TASK TO CARRY OUT: Look through the data below and output, unchanged, every line from the one holding "贵族5/皮肤100/传说6/" through the one holding "mn exposure. Since", inclusive. Skip the pictures.

PROVIDED ENTRIES:
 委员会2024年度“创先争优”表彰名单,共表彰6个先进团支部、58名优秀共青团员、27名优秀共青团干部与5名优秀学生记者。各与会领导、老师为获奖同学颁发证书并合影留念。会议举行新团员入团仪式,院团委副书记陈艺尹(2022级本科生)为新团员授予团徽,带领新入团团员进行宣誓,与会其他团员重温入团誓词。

==

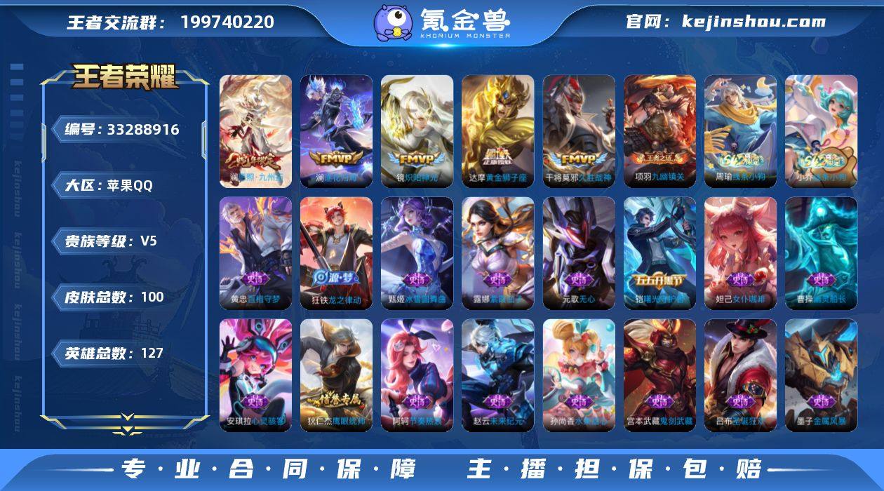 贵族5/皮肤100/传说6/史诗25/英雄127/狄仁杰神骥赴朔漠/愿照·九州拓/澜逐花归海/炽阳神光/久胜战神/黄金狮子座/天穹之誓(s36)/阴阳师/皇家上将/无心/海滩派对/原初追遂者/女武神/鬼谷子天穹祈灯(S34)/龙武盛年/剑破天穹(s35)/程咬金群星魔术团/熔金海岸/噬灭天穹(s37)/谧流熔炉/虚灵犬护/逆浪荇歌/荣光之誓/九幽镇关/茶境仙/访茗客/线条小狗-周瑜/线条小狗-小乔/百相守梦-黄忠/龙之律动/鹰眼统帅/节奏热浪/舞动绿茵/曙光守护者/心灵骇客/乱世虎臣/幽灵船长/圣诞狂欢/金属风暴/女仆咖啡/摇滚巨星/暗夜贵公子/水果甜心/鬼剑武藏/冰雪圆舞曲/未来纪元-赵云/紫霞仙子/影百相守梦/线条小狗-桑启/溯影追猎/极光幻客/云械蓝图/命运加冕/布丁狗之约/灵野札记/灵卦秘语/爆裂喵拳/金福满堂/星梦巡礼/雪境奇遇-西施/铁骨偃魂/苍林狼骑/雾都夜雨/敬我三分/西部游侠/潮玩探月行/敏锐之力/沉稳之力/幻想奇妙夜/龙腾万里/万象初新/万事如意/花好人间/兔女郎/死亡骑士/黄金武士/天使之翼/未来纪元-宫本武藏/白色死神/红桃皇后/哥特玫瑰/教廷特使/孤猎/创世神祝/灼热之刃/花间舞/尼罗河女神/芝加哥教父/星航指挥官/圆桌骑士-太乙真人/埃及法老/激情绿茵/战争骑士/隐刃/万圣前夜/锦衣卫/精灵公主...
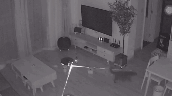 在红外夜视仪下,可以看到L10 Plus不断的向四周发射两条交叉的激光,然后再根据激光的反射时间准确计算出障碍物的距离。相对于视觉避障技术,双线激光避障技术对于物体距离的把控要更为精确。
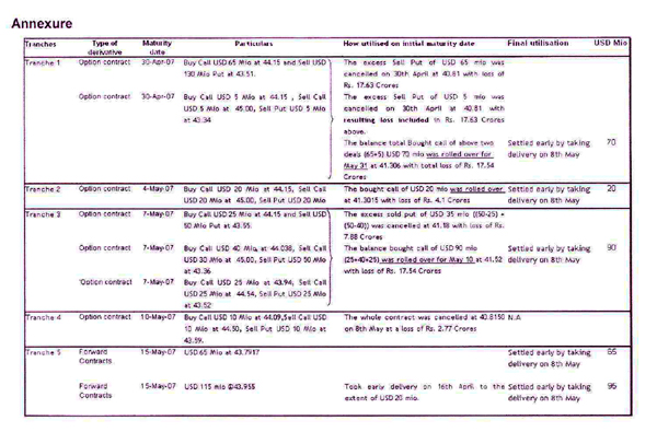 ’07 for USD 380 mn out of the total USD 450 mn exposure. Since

---

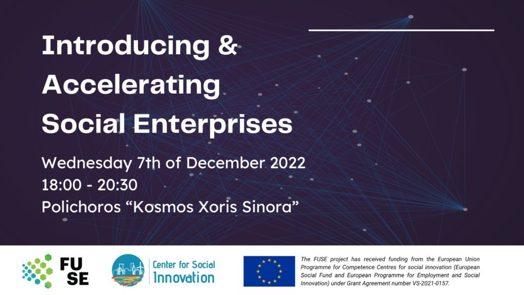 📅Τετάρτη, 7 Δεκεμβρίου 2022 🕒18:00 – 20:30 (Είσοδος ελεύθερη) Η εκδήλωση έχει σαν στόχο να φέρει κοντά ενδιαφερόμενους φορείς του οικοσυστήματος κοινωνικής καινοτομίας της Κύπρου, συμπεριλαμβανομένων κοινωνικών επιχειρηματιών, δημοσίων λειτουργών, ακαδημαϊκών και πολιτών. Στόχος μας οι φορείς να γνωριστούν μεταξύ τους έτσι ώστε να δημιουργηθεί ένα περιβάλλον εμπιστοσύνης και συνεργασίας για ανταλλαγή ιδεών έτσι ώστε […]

TASK SOLUTION:
 贵族5/皮肤100/传说6/史诗25/英雄127/狄仁杰神骥赴朔漠/愿照·九州拓/澜逐花归海/炽阳神光/久胜战神/黄金狮子座/天穹之誓(s36)/阴阳师/皇家上将/无心/海滩派对/原初追遂者/女武神/鬼谷子天穹祈灯(S34)/龙武盛年/剑破天穹(s35)/程咬金群星魔术团/熔金海岸/噬灭天穹(s37)/谧流熔炉/虚灵犬护/逆浪荇歌/荣光之誓/九幽镇关/茶境仙/访茗客/线条小狗-周瑜/线条小狗-小乔/百相守梦-黄忠/龙之律动/鹰眼统帅/节奏热浪/舞动绿茵/曙光守护者/心灵骇客/乱世虎臣/幽灵船长/圣诞狂欢/金属风暴/女仆咖啡/摇滚巨星/暗夜贵公子/水果甜心/鬼剑武藏/冰雪圆舞曲/未来纪元-赵云/紫霞仙子/影百相守梦/线条小狗-桑启/溯影追猎/极光幻客/云械蓝图/命运加冕/布丁狗之约/灵野札记/灵卦秘语/爆裂喵拳/金福满堂/星梦巡礼/雪境奇遇-西施/铁骨偃魂/苍林狼骑/雾都夜雨/敬我三分/西部游侠/潮玩探月行/敏锐之力/沉稳之力/幻想奇妙夜/龙腾万里/万象初新/万事如意/花好人间/兔女郎/死亡骑士/黄金武士/天使之翼/未来纪元-宫本武藏/白色死神/红桃皇后/哥特玫瑰/教廷特使/孤猎/创世神祝/灼热之刃/花间舞/尼罗河女神/芝加哥教父/星航指挥官/圆桌骑士-太乙真人/埃及法老/激情绿茵/战争骑士/隐刃/万圣前夜/锦衣卫/精灵公主...
 在红外夜视仪下,可以看到L10 Plus不断的向四周发射两条交叉的激光,然后再根据激光的反射时间准确计算出障碍物的距离。相对于视觉避障技术,双线激光避障技术对于物体距离的把控要更为精确。
 ’07 for USD 380 mn out of the total USD 450 mn exposure. Since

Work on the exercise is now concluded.